The BITs that are presently in force have also made satisfactory requirements for the standard investment protection. These include fair and equitable treatment, umbrella clauses, most favored nation status, national treatment, obligations against arbitrary and discriminatory measures, and security.
Multilateral Investment Treaties (MITs): Economic Community of West African States (ECOWAS) treaty is one of the famous MITs Nigeria has entered. The ECOWAS treaty was signed on 28th May 1975; it came into force on the 20th June 1975.
The treaty currently has 15 signatories who are member states of ECOWAS.
Article 2 of the Treaty gives ‘Community Enterprise’ status to businesses whose equity capital is owned by two or more member states and citizens or institutions of the Community.
Article 16 of the Treaty provides that Community Enterprise shall be accorded favorable treatment withregardingentives and advantages. It shall not be nationalized or expropriated by the government of any member state except for valid reasons of public interest and subject to prompt and adequate compensation.
Organization of Islamic Conference (OIC) investment treaty is another MIT Nigeria has entered into to provide favorable conditions for foreign investments.
OIC is a treaty with an Agreement on Promotion, Protection, and Guarantee of Investments among the Member States of the Organization of the Islamic Conference, which came into force in September 1986.

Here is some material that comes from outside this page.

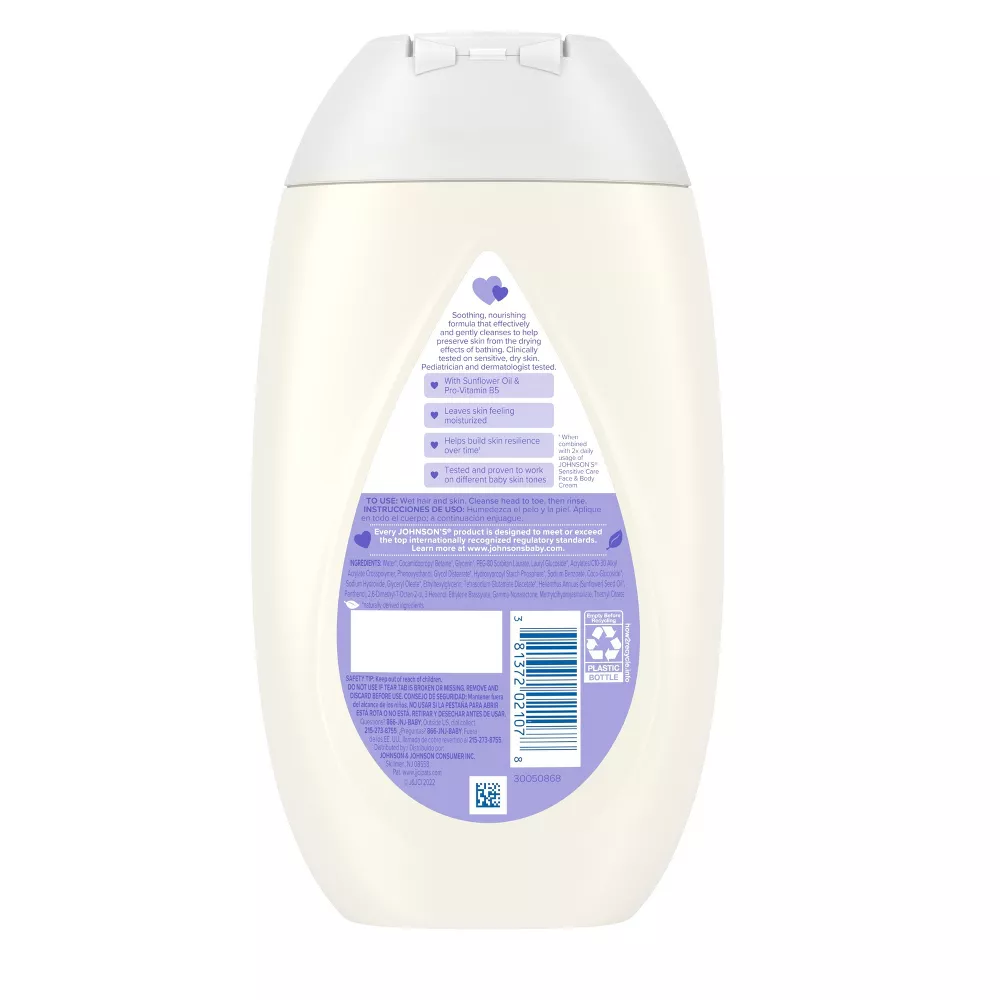 Gently cleanse without drying or irritating baby’s sensitive, dry skin with Johnson’s Sensitive Care Baby Body Wash and Shampoo. This soothing and nourishing 2-in-1 body wash and shampoo helps preserve baby’s delicate skin from the drying effects of bathing. The lightly scented daily cleanser is formulated with sunflower oil and Pro-Vitamin B5 to leave baby’s sensitive skin feeling moisturized. The clinically tested baby wash and shampoo is proven to be gentle and helps build skin resilience over time.* A great addition to your baby’s daily skincare routine, the lightly scented wash is hypoallergenic, tear-free and formulated to be free of sulfates, parabens, phthalates, and dyes.*when combined with 2x daily usage of Johnson’s Sensitive Care Face and Body Cream*when combined with 2x daily usage of Johnson’s Sensitive Care Face and Body Cream

Chapter 2 of the Treaty mandates all member states of the Organization of Islamic Countries to provide adequate security and protection to the invested capital of an investor who is a national of another contracting member state.
The terms of protection specifically include the enjoyment of equal treatment, undertaking not to adopt measures that may directly or indirectly affect the ownership of the investor’s capital or investment, and not expropriate any investment except it is in the public interest prompt payment of adequate compensation.